2. Description of the Prior Art

Response time is an important index for judging the characteristics of a LCD panel. There are two modules of a LCD panel when without inputting voltage, Normally White, NW, and Normally Black, NB. The NW module means that a frame of a LCD panel without inputting voltage is pervious to light, while the NB module is pervious to dark. Giving an example of NW module, the response time can be divided into two parts:

• • (1) Rising response time (T_r): time for twisting liquid crystal of a LCD cell gap from 90 percent to 10 percent luminance, even adding voltage
  • (2) Falling response time (T_f): time for twisting liquid crystal of a LCD cell gap from 10 percent to 90 percent luminance, even no adding voltage

Although displaying more than 25 frames per second will make people regarding these frames as a continuous frame, the demand of nowadays visual entertainments is much more than. For example, playing a DVD (Digital Video Display) player or a Playstation, the display demand of them usually are more than 60 frames per second. That is, each frame interval is only 16.67 ms.. If the response time of a LCD is more than that, the LCD will display incomplete images, and that will critical affect the quality of people's watching.

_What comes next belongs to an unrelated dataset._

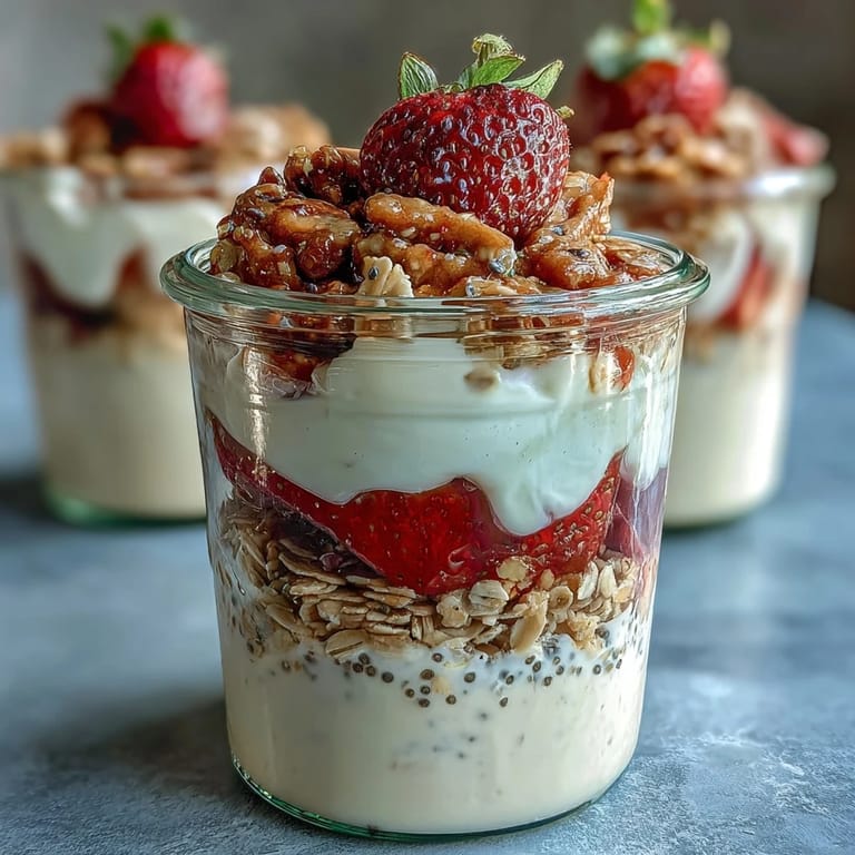 Save There's something almost magical about waking up to breakfast that's already waiting for you, ready to eat without any morning rush. I discovered overnight oats on a particularly chaotic Tuesday when I'd overslept and had exactly seven minutes before leaving the house—I threw together some oats, milk, and berries the night before out of pure desperation, and it became the most unexpectedly delicious rescue meal. Now, years later, I can't imagine starting my week without a jar of these creamy, fruity oats sitting in my fridge. The strawberries sink into the mixture just enough to sweeten everything naturally, while the chia seeds plump up and create this luxurious texture that feels indulgent for breakfast. It's genuinely one of those recipes that tastes like self-care but requires almost no effort.

A good solution for reducing response time and accelerating response speed is to improve the factors of them. The following are the functions of rising response time (T_r) and falling response time (T_ƒ): $\begin{array}{ccc}{T}_r=\frac{r_1{d}^2}{\Delta \varepsilon \left(V^2-V_{\mathrm{th}}^2\right)}& & T_f=\frac{r_1{d}^2}{\Delta \varepsilon V_{\mathrm{th}}^2}\end{array}$

γ₁: rotational viscosity of liquid crystal material

d: cell gap

V: driving voltage

Δε: dielectric anisotropy

Hence, the good solution has four ways: smaller rotational viscosity, smaller cell gap, larger driving voltage, and larger dielectric anisotropy. The way of larger driving voltage is called Over Drive (OD) technique, which is giving a larger voltage to earlier twist and respond liquid crystal for satisfying the grayscale demand of image data.

The general grayscale of nowadays image standard is 8 bits and that means 255 grayscales for each of RGB colors, R for red, G for Green, and B for blue. To implement the mentioned OD technique, respective and appropriate OD voltages for changing color grayscales in different timings are needed. However, even only displaying a single color between two different timings that could have 65536 different demands for OD values.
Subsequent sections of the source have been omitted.